Busted for growing marijuana in the Illinois Valley, Bowman did three years in 
federal prison in the early 1990s. In 1998, Oregon voters authorized medical 
marijuana. Since 2002 Bowman has been growing it here, on 5 acres owned by his 
girlfriend, with the number of patients getting a little bigger every year. He 
and his partners hope to buy this land, and cash in like he never could as an 
outlaw. 

But because the law prohibits growers from being paid for more than electricity 
and materials, like fertilizer, they have to depend on donations from 
benefactors Bowman will not name. 

"Even though we work, we're basically like the guys sitting on the side of the 
road, saying, 'Hey, I need some money,'" he said. "What we want to do is be 
able to pay taxes like everyone else. But we can't, because of the sale 
language." 

The main crop comes from 30 proven strains with names like Arcata Trainwreck, 
each one preferred by some patient for treating a particular ailment. The 
mother plants are kept in a second-floor greenhouse with sheet plastic sides. 
The clones are rooted in sheds below, then get moved out to greenhouses. Bowman 
is always looking for something new, cross-pollinating and testing the results. 
Those starts are in another greenhouse, along with sprouting melon seeds, part 
of the diversification effort to produce organic vegetables. 

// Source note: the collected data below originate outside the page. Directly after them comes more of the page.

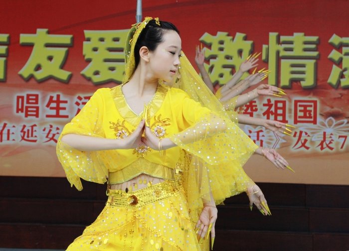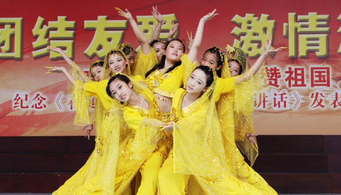 整场文艺汇演节目形式多样,高潮迭起,不时引起学生的热烈掌声。傣族舞《在小池边》演绎了居住在西双版纳的傣族人民间流行的民间舞,模仿孔雀漫步森林、饮泉戏水、追逐嬉戏,学生表演倾情投入、惟妙惟肖。二重唱《祖国万岁》展现了学生的激情豪迈,唱出了祖国的花朵们誓做社会主义建设接班人的崇高信仰。“让我在巍峨的大厦上欢呼和陶醉,看万里江山,都是风光明媚”,高昂的歌声引起学生共鸣,活动现场热情洋溢。由七年级A组一百多位男生合唱的《保卫黄河》《游击队歌》慷概激昂、催人奋进,使在场观众深受感染。活动现场,连家长们也迫不及待了,他们一改往日的严肃,几十位家长为在场的孩子们演唱了《让我们荡起双桨》,听到自己家长的歌声,不少学生不禁打着节拍跟着同声哼唱。
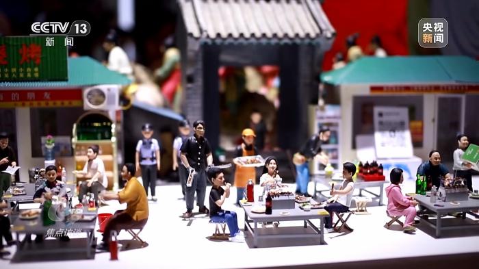 要說本次文博會最吸引人的展位,淄博燒烤算一個??墒?,燒烤怎么進(jìn)了文博會?原來,這是一個2.8米長的軟陶泥塑微縮景觀,生動還原了淄博燒烤的現(xiàn)實場景。此外,展臺上的琉璃燒烤大餐也吸引了不少人拍照打卡。當(dāng)然,現(xiàn)場還是有可以吃的美食——大名鼎鼎的山東煎餅。
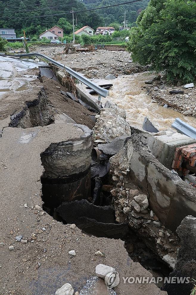 (가평=연합뉴스) 임병식 기자 = 20일 오후 경기도 가평군 조종면에서 새벽 시간에 쏟아진 폭우로 도로가 파손되어 있다. 2025.7.20
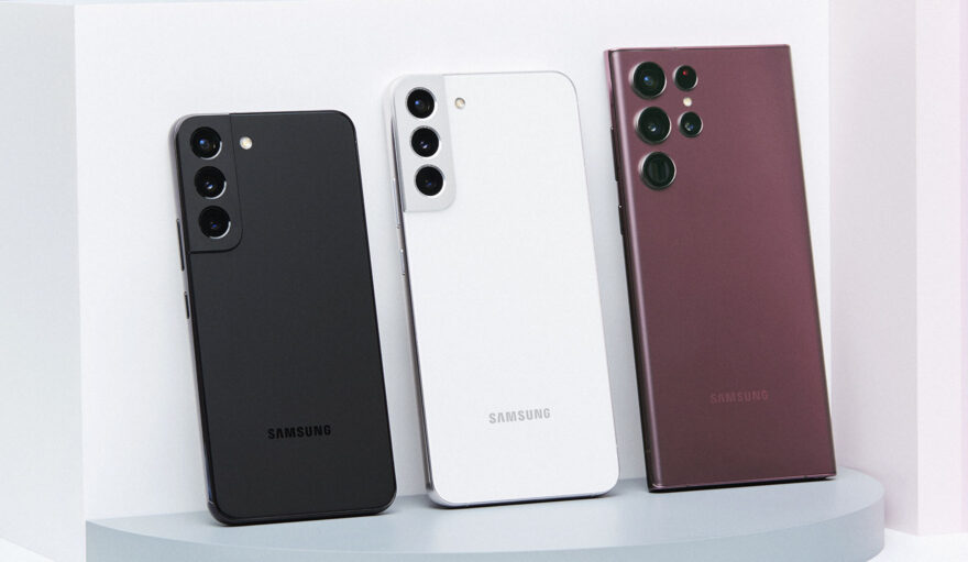 Die Galaxy-S22-Familie mit dem S22, dem S22+ und dem deutlich anders designten S22 Ultra
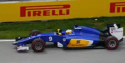 ![]() Rezervní jezdec Raffaele Marciello řídící vůz C34 při prvním volném pátečním tréninku před Grand Prix Malajsie 2015. | |
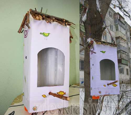- Было стойким к атмосферным осадкам. Часто можно видеть небольшие кормушки из пакетов от сока или обувных коробок, но такое изделие долго не прослужит, так как дождь или снег его в скором времени приведет в негодное состояние. Если все же нет другого материала кроме картона, нужно обклеить сделанную конструкцию скотчем, так она будет немного прочней и выдержит неблагоприятные погодные условия.
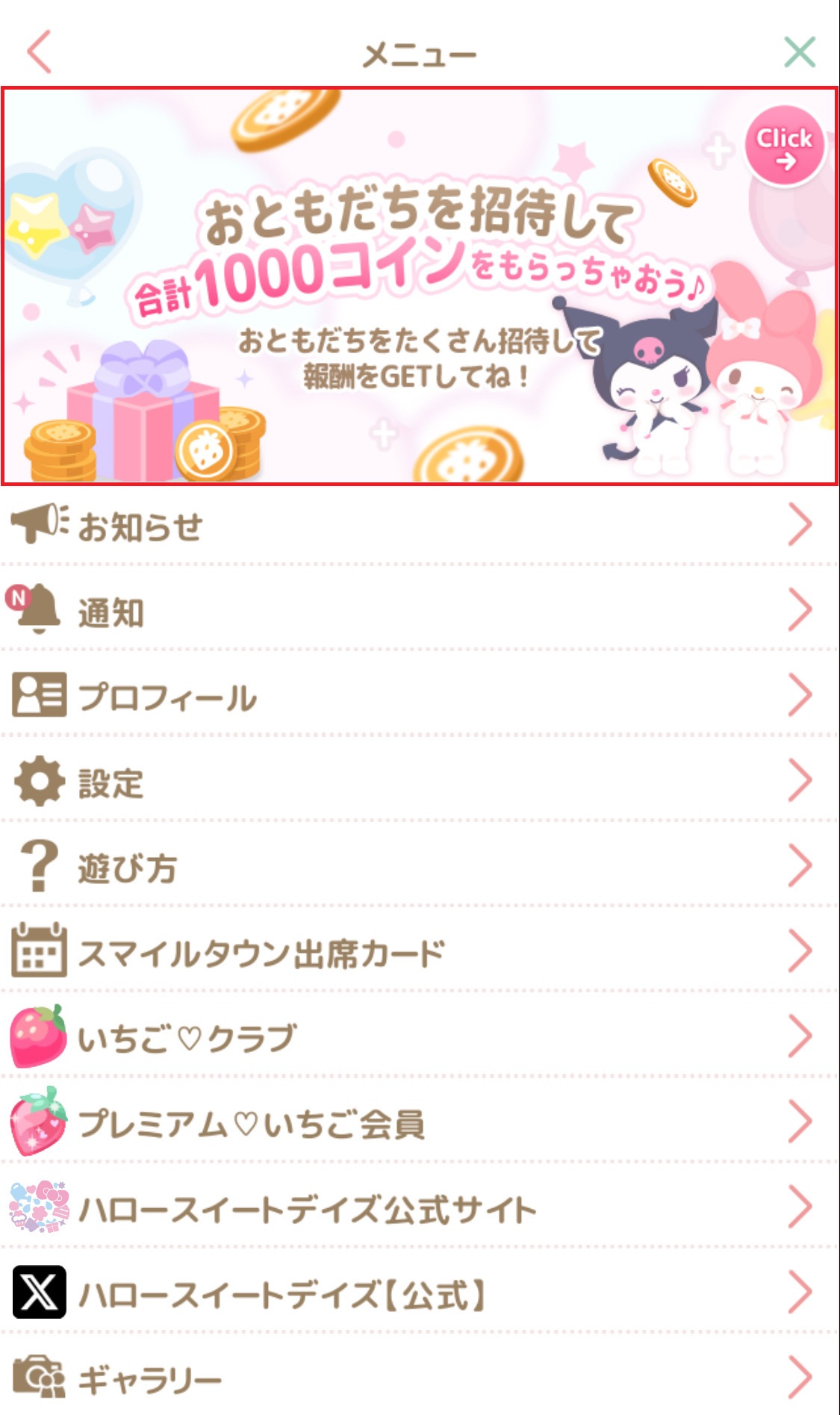A, メニュー画面上部に、おともだち招待のバナーがあります。
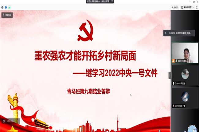 经过两周的准备,两校区共50名学员对结业论文展开答辩。答辩过程中,学员们主要从党史学习、文化自信、疫情防控、组织创新、革命影视作品等多个方面展开,他们以认真的调研态度、扎实的工作作风展现了青年马克思主义者的青春风采。现场提问环节,学员们对自身论文内容展开针对性阐释,展现了独特的风采与实力。本次答辩会为学员们提供了交流学习的机会与平台,进一步检验了“青马班”学员理论与实践的学习成果,使学员们对一年来在青马班的学习有了更好的梳理和内化。
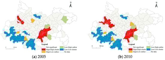 The global Moran’s I index obtained from the global autocorrelation analysis is shown in Table 4. It can be seen that the global Moran’s I index values of county carbon emissions in the Chengdu–Chongqing region from 2005 to 2017 are all positive, and all Z-values are greater than 2.58 after passing the significance level test of 0.01, indicating that county carbon emissions in the Chengdu–Chongqing region present a significant agglomeration phenomenon in spatial distribution. At the same time, the global Moran’s I value of county carbon emissions in the Chengdu–Chongqing region showed an increasing trend from 2005 to 2017, but the growth rate of the global Moran’s I index decreased from 2010, indicating that the spatial aggregation of county carbon emissions in the Chengdu–Chongqing region continued to improve during 2005 to 2017. Moreover, the spatial clustering properties have been stable since 2010.
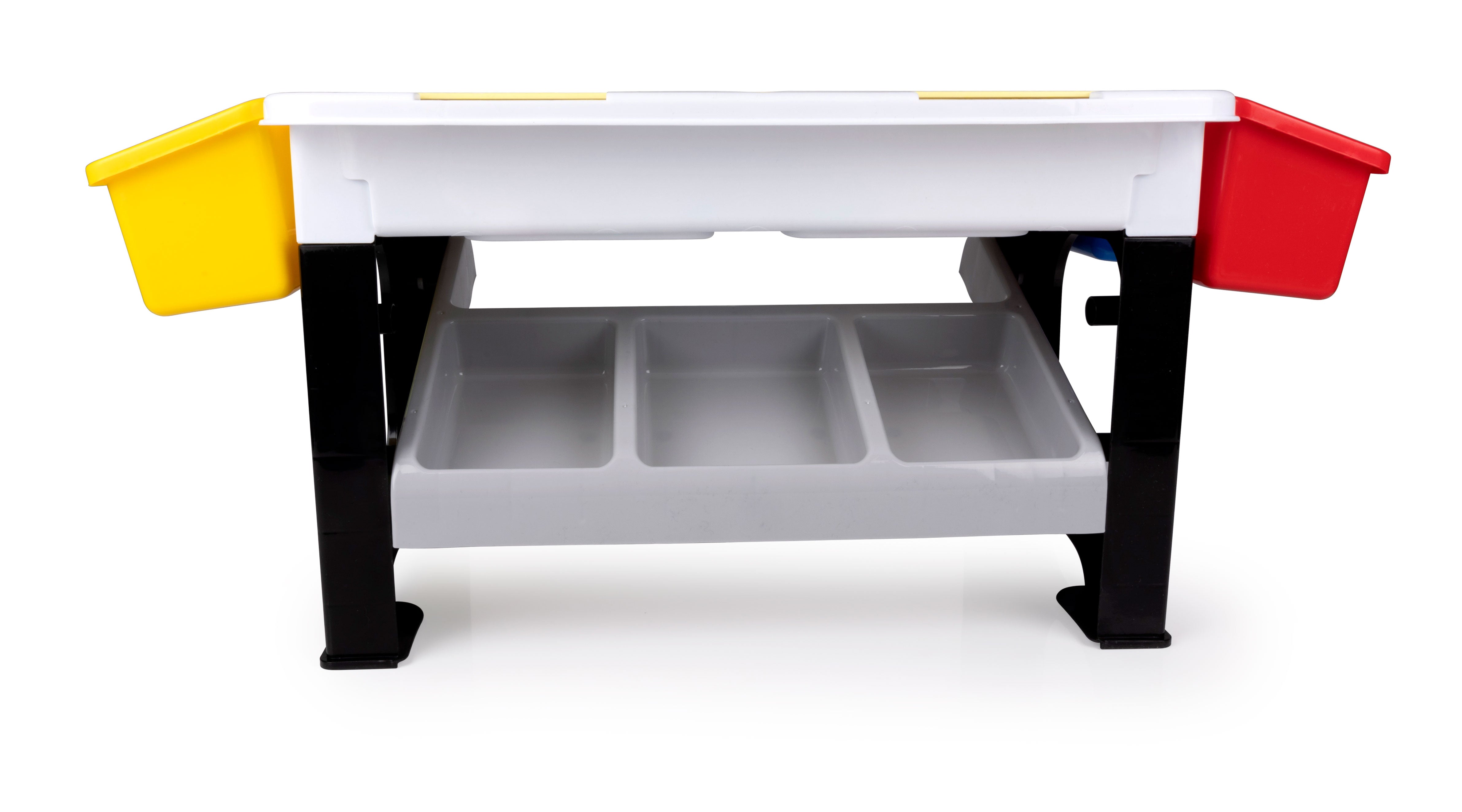 De speeltafel biedt veel opbergruimte. Onder het bouwoppervlak zit een grote bak waar je de stenen in kan opbergen. Daaronder, tussen de poten, zitten 3 vakken die schuin hangen, zodat je kleintje gemakkelijk bij de blokjes kan. En dan heb je ook nog eens 4 gekleurde opbergbakken die je aan de zijkant kan klikken.
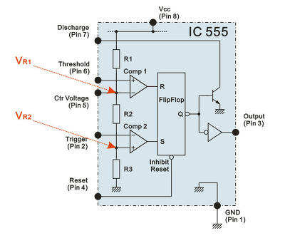 여기서, 트리거 입력 전압이 기준 전압 VR2보다 낮으면 비교기 출력은 “HIGH”, VR2 보다 높으면 “Low” 상태로 출력을
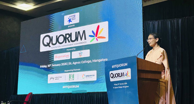 Mangaluru, Jan 17: St. Agnes College (Autonomous), Mangaluru, the department of business administration (MBA), and Reputation jointly organised QUORUM – the Reputation Management Conference on Friday January 16, bringing together industry experts and professionals. The full-day event, brought together students, faculty members and industry professionals to explore emerging trends in reputation management, corporate communications, brand strategy and corporate identity.
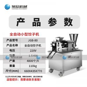 名稱80餃子機 電源220v 功率1.5kw 產量4800個/h 尺寸660*435*770mm 重量110kg 規(guī)格15-18g/個 其他
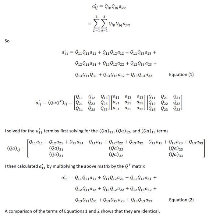 Per strangerrep's post from Yesterday at 1:55PM, this "turns into ##a^{'}_{ij}=Q_{ip}a_{pq}Q_{jq}##..." (Eq 2)
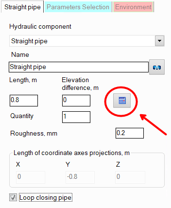 loop closing pipe - this option is used when modeling pipelines with closed loops. Any one of the pipes of the closed loop can be assigned as a loop closing pipe by enabling this option for it. In this case, entering the projection lengths for this section is blocked, and the program calculates what the projections of this pipe should be so that the loop closes perfectly (the loop closing pipe is shown in the isometric piping diagram as a pale gray line). To then "accept" the projection lengths calculated by the program and determine the length and elevation difference of the pipe, click the "Recalc by graphics" button (in the form of a blue "calculator") for this pipe:
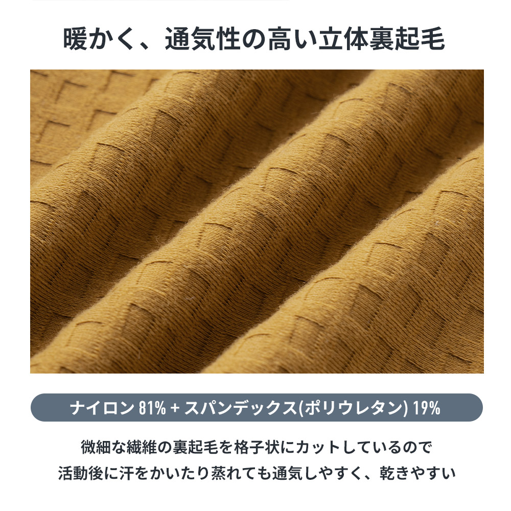 ・3D立体裏起毛:内側を格子状にカットすることで、保温性と通気性をバランスよく両立させています
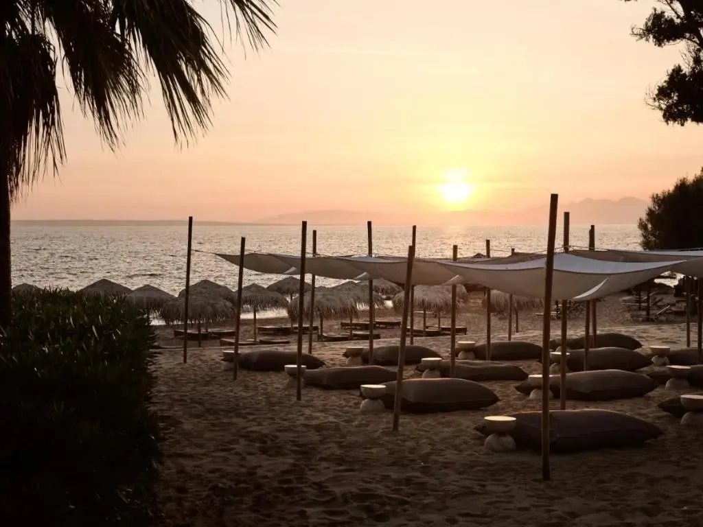 Súkromná piesočnatá pláž s pozvoľným vstupom do vody sa nachádza priamo pri hotelovom komplexe; ležadlá a slnečníky na pláži sú zadarmo.
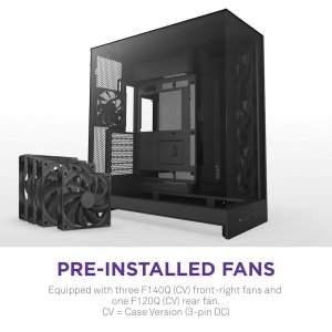 NZXT H9 Flow predstavuje štýlovú počítačovú skriňu vo formáte Middle Tower , ktorá je navrhnutá tak, aby poskytovala bohaté možnosti chladenia a vysoký výkon GPU. Rozsiahle tepelné schopnosti umožňujú inštalovať celkom až 10 ventilátorov, pričom 4 už sú osadené v základe. PC skriňa NZXT H9 Flow sa vyznačuje unikátnym dizajnom s neprerušovaným skleneným panelom. Vďaka tomu vám poskytuje jasný vhľad do interiéru.

Bowman gets help from 30 volunteers. 

Ben Smith, 29, of Ashland works half the year building schools in Central 
America, but when he is home, takes care of his dad, a medical marijuana 
patient. 

"Before I got clones from here, I couldn't grow anything,"' he said. 

Patrick LeRoy, 49, of Grants Pass, was a carpenter, but can't work since 
breaking his back and neck. Hunched in a chair under a fluorescent light, he 
trims buds—"I do it for my donation"—which he smokes for chronic pain. 

"It's like a family farm,"' Bowman said.